(Records from a data source)
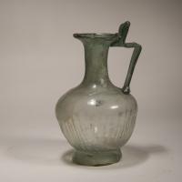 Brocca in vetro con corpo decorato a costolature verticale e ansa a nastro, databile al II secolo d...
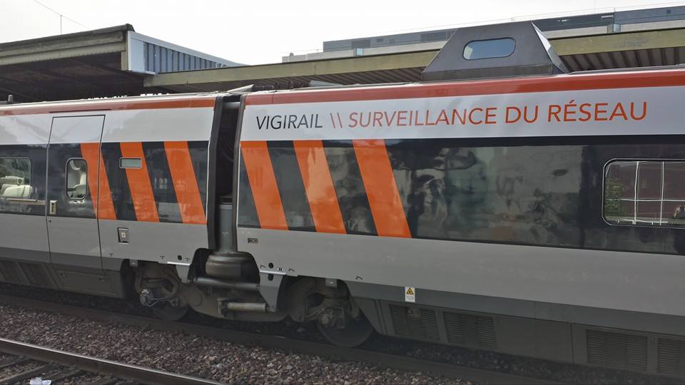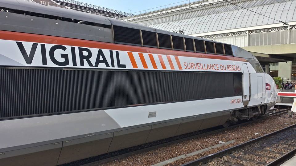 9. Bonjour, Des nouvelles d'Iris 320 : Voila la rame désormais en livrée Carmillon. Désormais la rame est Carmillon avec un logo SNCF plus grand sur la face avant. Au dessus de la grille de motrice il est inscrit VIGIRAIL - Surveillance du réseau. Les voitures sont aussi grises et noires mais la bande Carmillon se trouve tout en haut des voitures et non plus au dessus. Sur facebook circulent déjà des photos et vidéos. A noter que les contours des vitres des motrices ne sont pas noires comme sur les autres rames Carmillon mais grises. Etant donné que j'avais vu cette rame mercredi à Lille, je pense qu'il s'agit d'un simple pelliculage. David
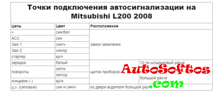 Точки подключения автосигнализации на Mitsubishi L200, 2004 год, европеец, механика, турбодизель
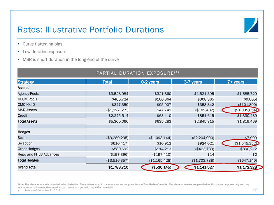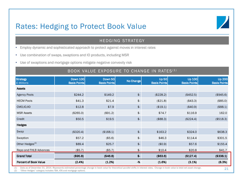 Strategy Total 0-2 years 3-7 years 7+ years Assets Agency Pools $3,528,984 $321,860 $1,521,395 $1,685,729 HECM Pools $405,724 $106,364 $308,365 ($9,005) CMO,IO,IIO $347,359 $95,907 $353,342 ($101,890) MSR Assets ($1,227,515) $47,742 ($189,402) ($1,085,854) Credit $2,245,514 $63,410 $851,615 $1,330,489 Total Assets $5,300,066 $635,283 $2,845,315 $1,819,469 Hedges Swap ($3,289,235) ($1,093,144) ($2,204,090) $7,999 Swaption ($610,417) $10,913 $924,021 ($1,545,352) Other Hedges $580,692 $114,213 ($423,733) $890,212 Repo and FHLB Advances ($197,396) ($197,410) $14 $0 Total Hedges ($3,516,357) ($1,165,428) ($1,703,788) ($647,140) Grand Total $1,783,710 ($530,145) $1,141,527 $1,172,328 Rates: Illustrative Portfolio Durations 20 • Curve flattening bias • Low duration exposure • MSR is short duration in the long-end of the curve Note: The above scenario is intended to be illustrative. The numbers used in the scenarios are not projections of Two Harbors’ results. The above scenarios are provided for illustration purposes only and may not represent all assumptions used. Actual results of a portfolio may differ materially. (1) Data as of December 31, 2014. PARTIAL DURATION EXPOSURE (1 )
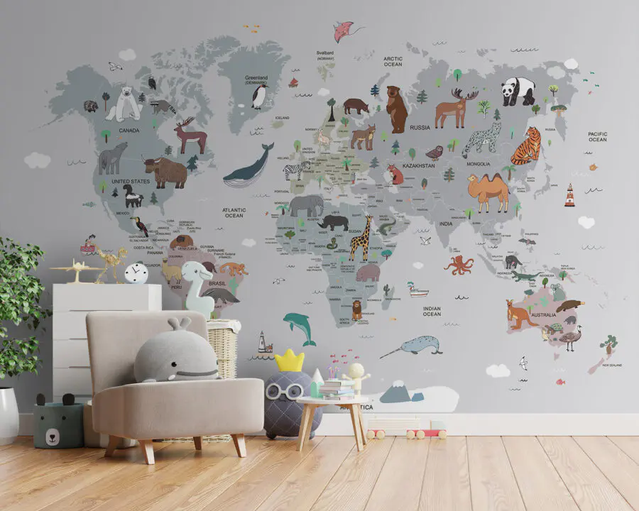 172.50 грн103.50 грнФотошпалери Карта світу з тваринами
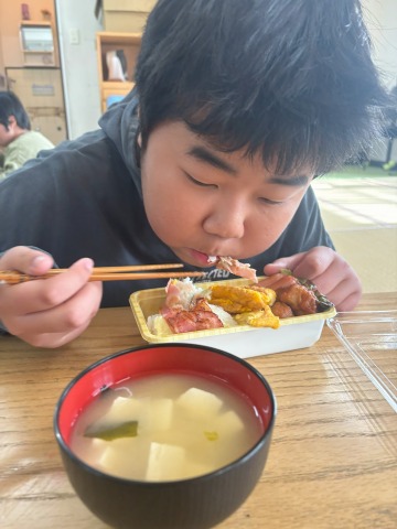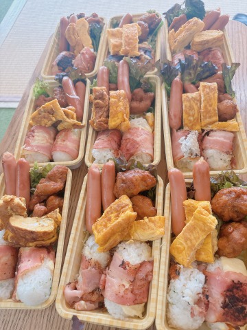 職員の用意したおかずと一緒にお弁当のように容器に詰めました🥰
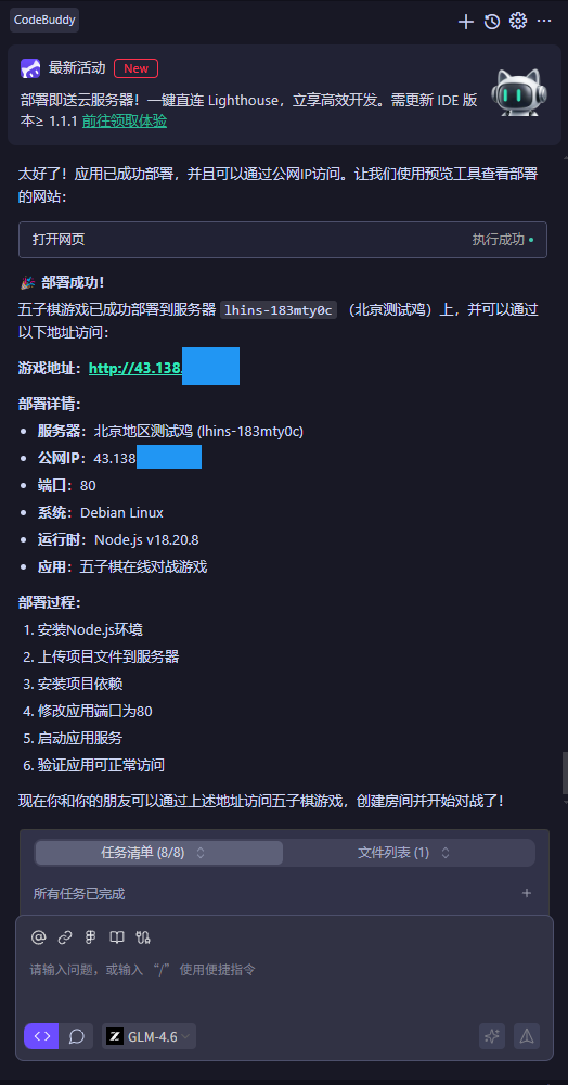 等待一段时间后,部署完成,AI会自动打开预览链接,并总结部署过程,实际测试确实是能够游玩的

## What the exercise asks
From the first line through the line with "職員の用意したおかずと一緒にお弁当のように容器に詰めました🥰", output those lines of the entries above exactly, and nothing else, with the pictures left out.

## Solution
 Brocca in vetro con corpo decorato a costolature verticale e ansa a nastro, databile al II secolo d...
 9. Bonjour, Des nouvelles d'Iris 320 : Voila la rame désormais en livrée Carmillon. Désormais la rame est Carmillon avec un logo SNCF plus grand sur la face avant. Au dessus de la grille de motrice il est inscrit VIGIRAIL - Surveillance du réseau. Les voitures sont aussi grises et noires mais la bande Carmillon se trouve tout en haut des voitures et non plus au dessus. Sur facebook circulent déjà des photos et vidéos. A noter que les contours des vitres des motrices ne sont pas noires comme sur les autres rames Carmillon mais grises. Etant donné que j'avais vu cette rame mercredi à Lille, je pense qu'il s'agit d'un simple pelliculage. David
 Точки подключения автосигнализации на Mitsubishi L200, 2004 год, европеец, механика, турбодизель
 Strategy Total 0-2 years 3-7 years 7+ years Assets Agency Pools $3,528,984 $321,860 $1,521,395 $1,685,729 HECM Pools $405,724 $106,364 $308,365 ($9,005) CMO,IO,IIO $347,359 $95,907 $353,342 ($101,890) MSR Assets ($1,227,515) $47,742 ($189,402) ($1,085,854) Credit $2,245,514 $63,410 $851,615 $1,330,489 Total Assets $5,300,066 $635,283 $2,845,315 $1,819,469 Hedges Swap ($3,289,235) ($1,093,144) ($2,204,090) $7,999 Swaption ($610,417) $10,913 $924,021 ($1,545,352) Other Hedges $580,692 $114,213 ($423,733) $890,212 Repo and FHLB Advances ($197,396) ($197,410) $14 $0 Total Hedges ($3,516,357) ($1,165,428) ($1,703,788) ($647,140) Grand Total $1,783,710 ($530,145) $1,141,527 $1,172,328 Rates: Illustrative Portfolio Durations 20 • Curve flattening bias • Low duration exposure • MSR is short duration in the long-end of the curve Note: The above scenario is intended to be illustrative. The numbers used in the scenarios are not projections of Two Harbors’ results. The above scenarios are provided for illustration purposes only and may not represent all assumptions used. Actual results of a portfolio may differ materially. (1) Data as of December 31, 2014. PARTIAL DURATION EXPOSURE (1 )
 172.50 грн103.50 грнФотошпалери Карта світу з тваринами
 職員の用意したおかずと一緒にお弁当のように容器に詰めました🥰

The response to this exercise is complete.